Non parlammo quasi per nulla. Calin cercava di insegnarmi delle parole di uso comune ed ogni volta che prendeva in mano qualcosa dalla tavola, mi ripeteva, almeno un paio di volte, il nome dell’oggetto che stringeva in mano e mi esortava a ripetere. La cosa mi sembrò particolarmente buffa all’inizio, ma dopo pochi minuti, capii qual era il messaggio. “Sei ospite nella nostra terra, devi imparare la nostra lingua per poter apprezzare, capire accettare oppure non accettare quello che ti verrà proposto.” Da quel momento in poi posi molto più entusiasmo ed interesse nel comprendere gli idiomi che Calin si sforzava di farmi imparare. Questo lo fece contento, avevo capito il suo messaggio. Il suo invito a pranzo aveva avuto uno scopo ben preciso. Prima di tutto aveva deciso che voleva misurarmi e, poi, se avessi superato il suo test empatico, mi avrebbe aiutato, ma non prendendomi per mano, bensì, semplicemente, indicandomi un percorso, stava a me capire e decidere se seguirlo oppure no. Tutto era molto simile al modo di ragionare che avevo imparato a riconoscere e decodificare durante le mie vacanze in Sicilia. Sembrava lo stesso codice ma spiegato in un’altra lingua.

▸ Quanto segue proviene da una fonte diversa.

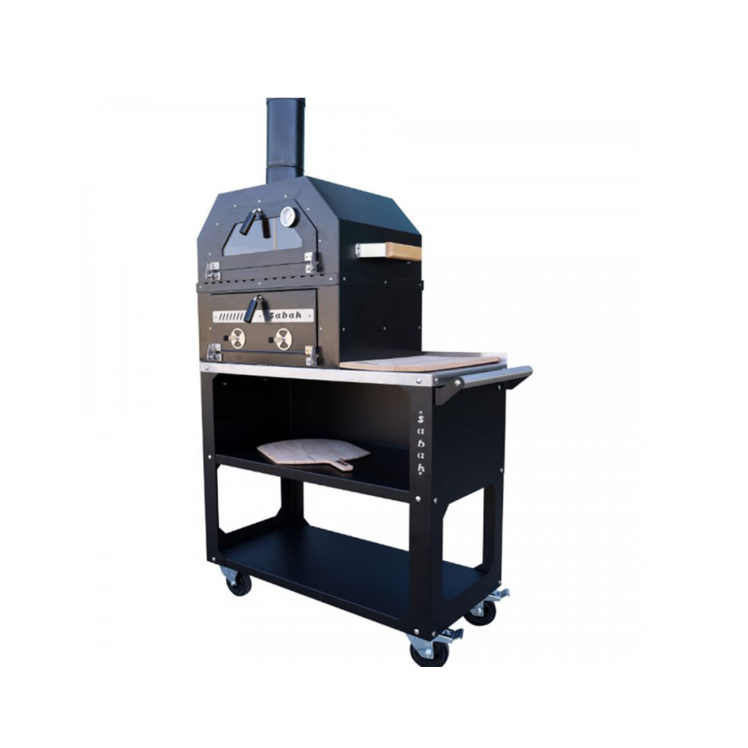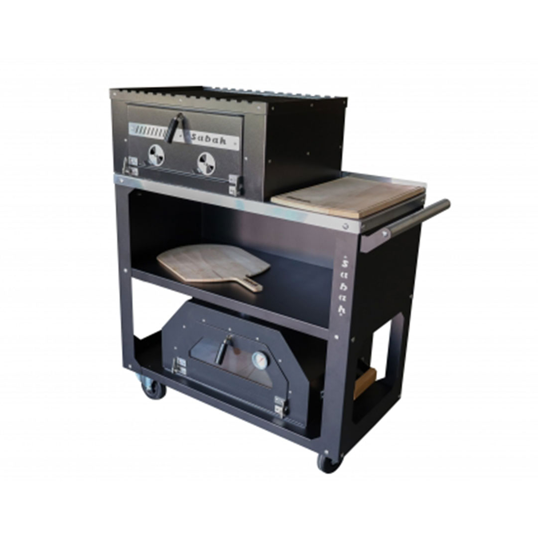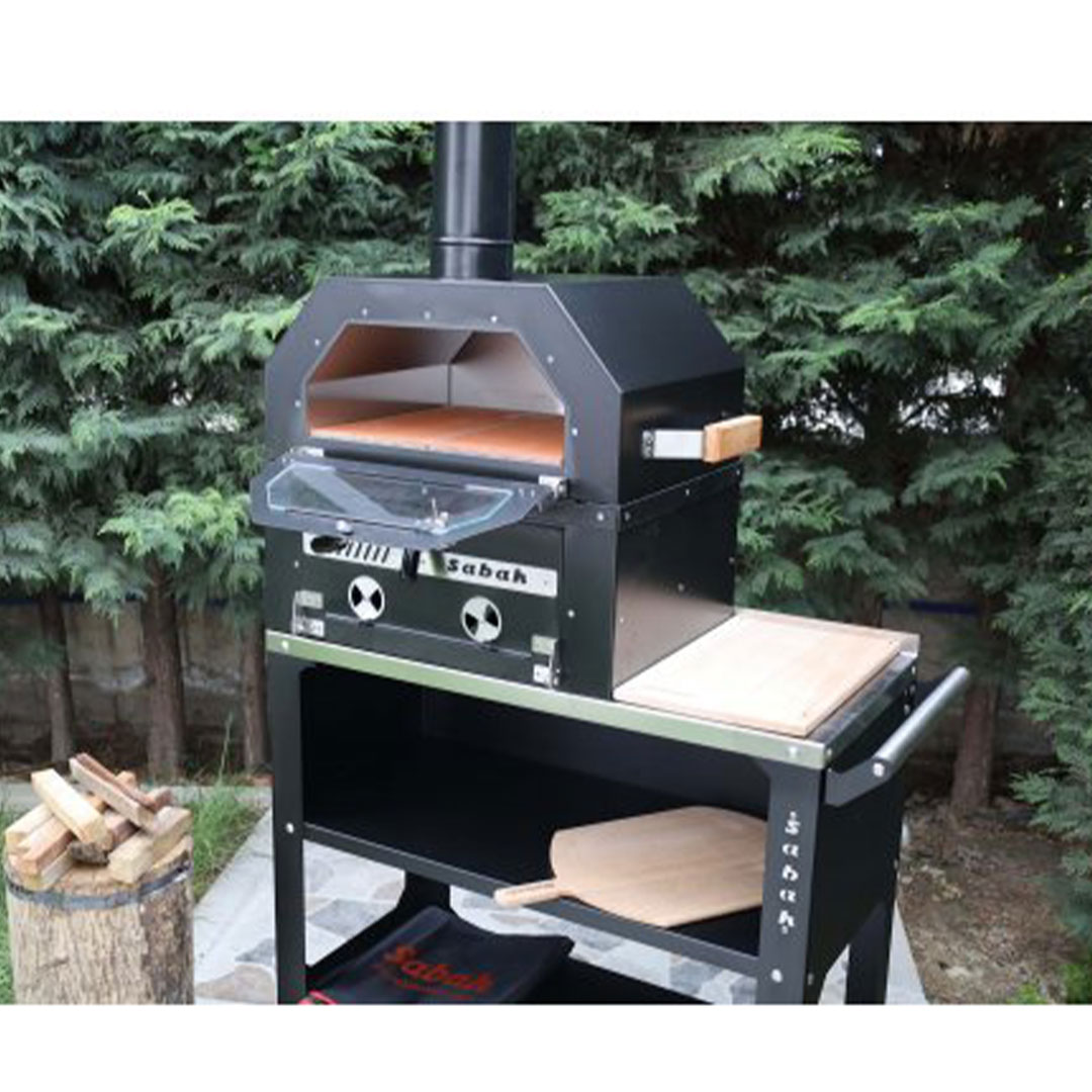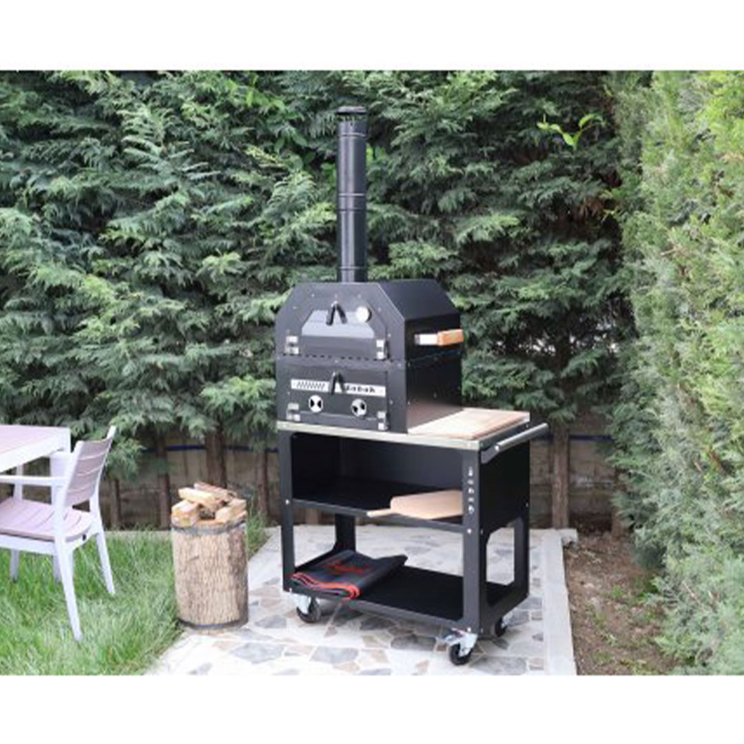 Sabah Tekerlekli Kömürlü Bahçe Fırını Mangal Barbekü Seti (Kesme tahtası + Pizza Küreği + Kılıf Hediyeli)

Dopo esserci goduti un mezzo toscano che gli offrii con grande piacere e che, con grande piacere fumammo, mi invitò ad uscire in cortile e quando fummo davanti alla pila di ceppi ancora da tagliare, mi porse una scure e mi invitò a tagliare la legna. Non persi un secondo di tempo ed iniziai a tagliare i ceppi con foga. Calin, che nel frattempo aveva iniziato a tagliare anche lui, mi sorrideva e ripeteva “gimnastica, gimnastica!”